The regional variations in Ca2+ signaling within a single MI myocyte are depicted graphically in Figure 3⇓. Sections of line scan images free from movement artifact were cropped and expanded (Figure 3A⇓). Plots of fluorescence intensity versus time at discrete points in each cell (regional Ca2+ transients) are displayed in a pseudo 3-dimensional format, which highlights the marked spatial heterogeneity in Ca2+ signaling within the MI myocyte (Figure 3B⇓). In comparison, the regional Ca2+ transients are similar at all locales within the control myocyte (Figure 3C⇓). An example of a single regional transient (taken from the point indicated by the arrow in panel A) in the MI myocyte demonstrates the recurrence of nonpropagated sparks at a single location.
Measurement of SR Ca2+ Content
We assessed the hypothesis that reduced SR Ca2+ content in the MI myocytes might result in focal failures of ICa to trigger SR release events. We found that the SR Ca2+ content was not different in MI compared with control myocytes (online Figure 1⇑; see online data supplement available at http://www.circresaha.org). Similar findings have been reported in other models of heart failure.9 Therefore, decreased SR Ca2+ stores seem unlikely to be a major cause of the abnormal Ca2+ transients in MI myocytes. Although the integral of the caffeine-induced currents were not different in the control and MI myocytes, the peak amplitude of these currents tended to be larger in the MI myocytes (−0.71±0.04 versus 0.61±0.04 pA/pF, P=0.1). This finding is compatible with a modest increase in Na+-Ca2+ exchange activity in the MI myocytes.
Measurement of ICa
Small but detectable inhomogeneities in [Ca2+] during the early portion of action potentials in normal myocytes results from the stochastic nature of L-type Ca2+ channel opening and the resultant stochastic production of sparks.17 The inhomogeneity can be markedly accentuated by the application of both organic and inorganic Ca2+ channel-blocking agents.17 18 19 Therefore, we postulated that the fragmented appearance of the leading edge of the Ca2+ transient in the MI myocytes might result if there were a sufficient decrease in the number of functional L-type Ca2+ channels so that adjacent sparks failed to fuse together. In support of this hypothesis, we found that ICa density was significantly decreased (≈20%) in MI myocytes compared with controls (Figure 4⇓). The fast and slow time constants of ICa inactivation were not different in control and MI myocytes; however, the amplitudes of both components were decreased in the MI myocytes. The relative proportion of fast inactivation was not different in control and MI myocytes.

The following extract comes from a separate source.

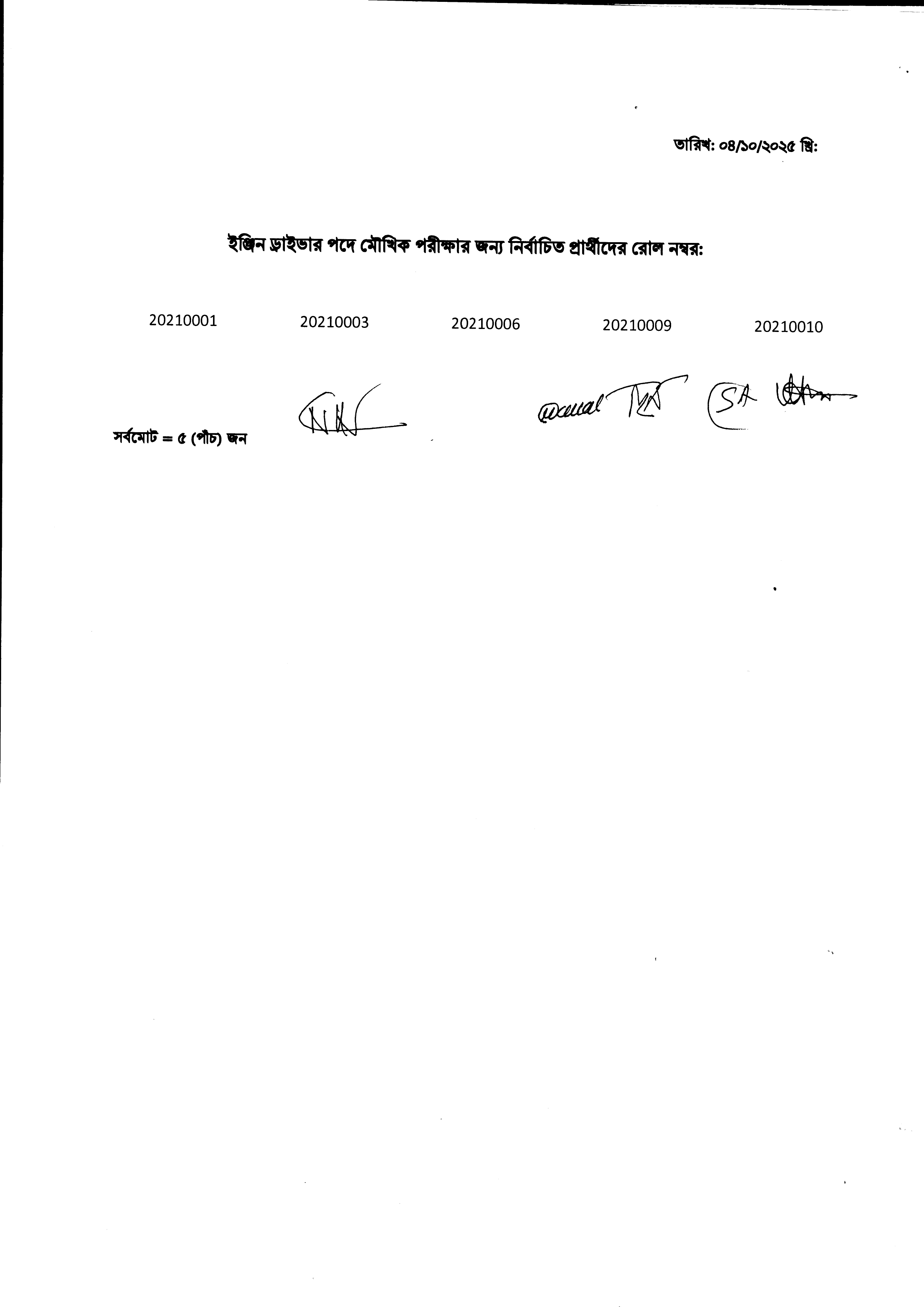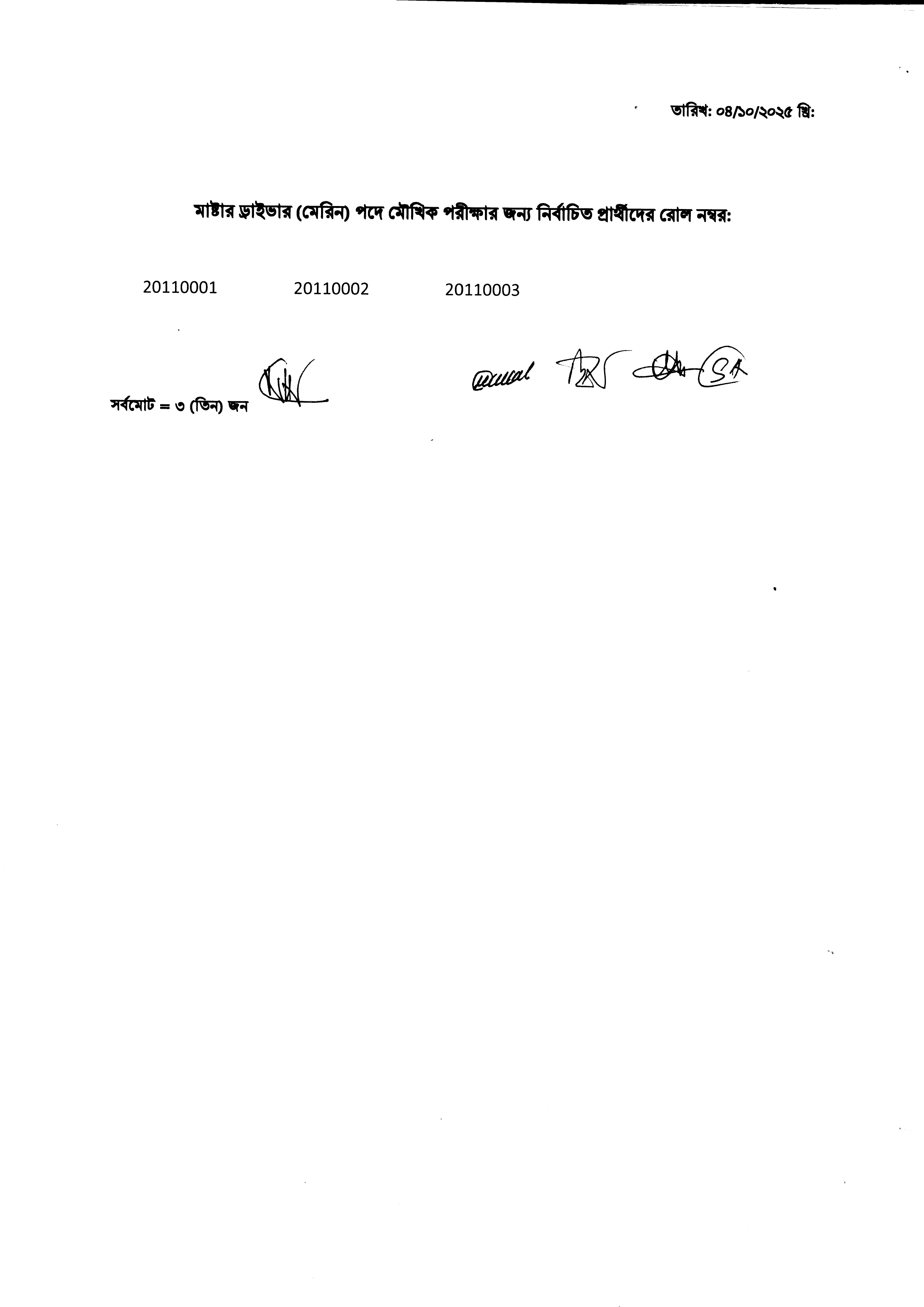 মাষ্টার ড্রাইভার (মেরিন) পদে নির্বাচিত প্রার্থীদের তালিকা বিজ্ঞপ্তিতে দেখুন।

Macroscopic Gain Function Measured Under Voltage Clamp
Work in other models of cardiac hypertrophy or heart failure suggests that the functional coupling of sarcolemmal and SR Ca2+ channels is impaired.9 To determine whether such a change occurred in our model, we simultaneously measured macroscopic Ca2+ currents and Ca2+ transients. Under these conditions, Ca2+ transients were reduced in amplitude in MI myocytes compared with controls (Figures 5⇓ and 6⇓). The differences between control and MI transients were greatest at +10 mV, the potential at which ICa amplitude is maximal (Figures 5⇓ and 6A⇓). The difference between the groups was less pronounced but still significant at +60 mV. This finding suggests a greater contribution of Ca2+ influx by the reverse mode of Na+-Ca2+ exchange in the MI myocytes. The effectiveness of ICa in producing Ca2+ transients (gainpeak) was not different between control and MI myocytes (ie, ICa and the peak amplitude of the Ca2+ transients were proportionally reduced in the MI myocytes [Figure 6B⇓]). However, when the gain function was defined as the rate of rise of the Ca2+ transient/ICa, the MI myocytes showed a modest reduction in gain (gainrate; Figure 6D⇓).
Effects of Isoproterenol
To determine whether the alterations in Ca2+ cycling could be overcome by activation of the β-adrenergic signaling cascade, we recorded line scan images in MI myocytes after treatment with isoproterenol. Isoproterenol markedly improved the kinetics and synchrony of Ca2+ release, as evidenced by the smoother contour of the leading edge of the Ca2+ transient and the absence of late-appearing sparks (Figure 7⇓). The rate of rise of the Ca2+ transient, time to peak Ca2+, and rate of Ca2+ decline were also improved by isoproterenol (Figure 7⇓, Table⇑).
In normal cardiac myocytes, membrane depolarization produces a rapid rise in cytosolic [Ca2+] because of the highly coordinated production and summation of many localized sparks.10 Individual Ca2+ sparks are not resolved during action potentials unless the probability of opening of individual L-type Ca2+ channels is significantly reduced.18 SR Ca2+ release is terminated primarily by the inactivation or adaptation of SR Ca2+ release channels.20 After a stimulated Ca2+ release, a finite amount of time is required before ryanodine receptors can be activated again.20 A breakdown of the timing of this highly orchestrated sequence of events may underlie the abnormalities of Ca2+ transients in myocytes from infarcted hearts.
Mechanisms Accounting for Inhomogeneities of the Early Ca2+ Transient
The irregularities in the leading edge of the Ca2+ transients in the MI myocytes implies that there are localized regions where synchronized Ca2+ release either does not occur or occurs with a substantial delay. This phenomenon could be most easily explained by focal areas where components of the Ca2+-induced Ca2+ release (CICR) apparatus are missing or regional variations within a single myocyte in the function of Ca2+ release units (eg, local depletion of SR Ca2+ content, desensitization of ryanodine receptors, abnormal ryanodine receptor gating, or delayed recovery from inactivation of L-type Ca2+ channels, SR Ca2+ release channels, or both).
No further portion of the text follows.